Although not mentioned in the commentary to the revised IBA Rules, another tool which may prove useful to those involved in arbitral proceedings is the Protocol for Online Case Management in International Arbitration, issued by the Working Group on LegalTech Adoption in International Arbitration in November 2020.
This protocol was issued in response to the increasingly widespread use of an online case management platform, where data relating to the arbitral process can be stored and managed. It therefore provides guidance to arbitral participants for developing “efficient, safe and consistent procedures if adopting a shared online case management platform in their arbitration proceedings”. In this context, paragraphs 24 to 26 of the protocol debate the pros and cons of using online platforms as a repository, noting that platforms can help “reduce security and privacy risks when users transfer data through the platform rather than by email”.
As the above shows, the arbitration community has not remained idle in addressing the increased risks associated with cyberattacks and data breaches resulting from the increased digitalisation of the arbitral process. In this context, the new article 2(2)(e) of the IBA Rules constitutes a welcome development, considering the widespread use of the IBA Rules in arbitral proceedings. It can be hoped that those involved in international arbitration procedures will be more acutely aware of the cybersecurity risks they face and the various tools at their disposal. In particular, greater awareness of the Cybersecurity Protocol and of the Data Protection Roadmap should be encouraged.
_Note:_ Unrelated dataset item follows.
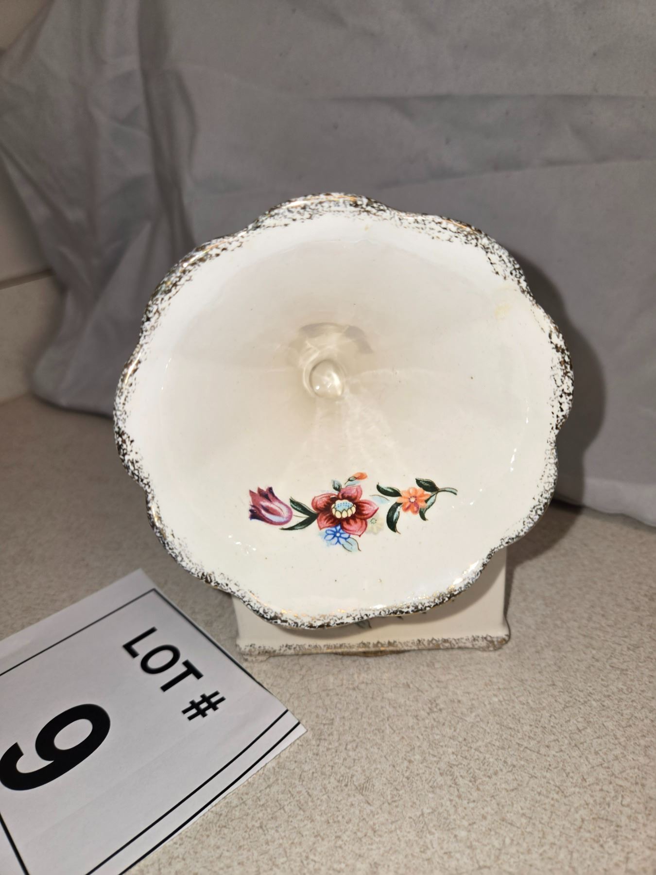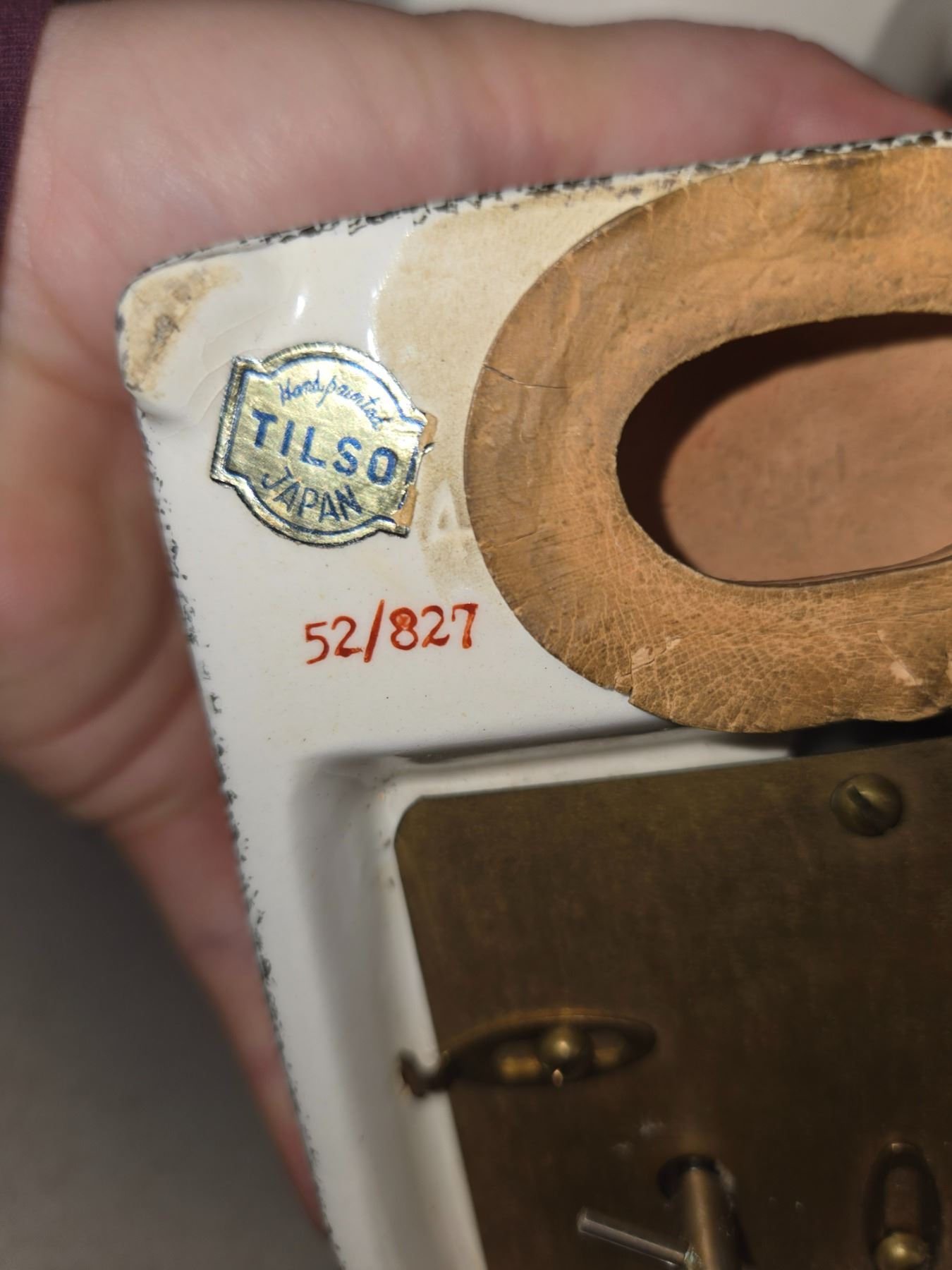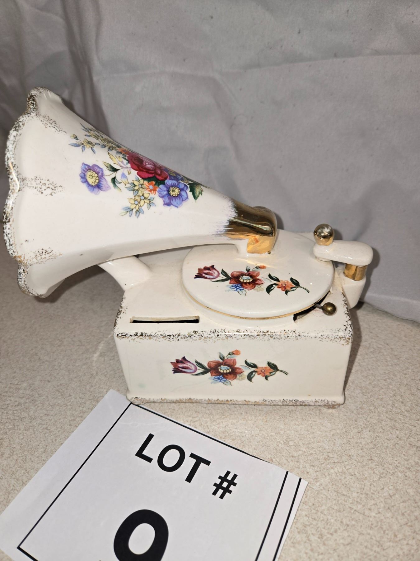 Porcelain gramophone-form music box (TILSO JAPAN), hand-decorated floral design with gilt accents. Labeled limited edition 52/827. Mechanical music movement. Age-related wear, light crazing, and finish wear consistent with vintage decorative ceramics. Attractive display piece. Sold as one item.

On a more practical level, it might be advisable for parties and tribunals to set out, at the outset of the proceedings (for example, in the first procedural order), a specific framework on cybersecurity. In particular, it would be advisable to consider (in general terms) how the participants would respond to a data breach if and when one arises. This would firstly allow the participants to identify potential security vulnerabilities and, secondly, allow them to react swiftly to mitigate the consequences of a data breach.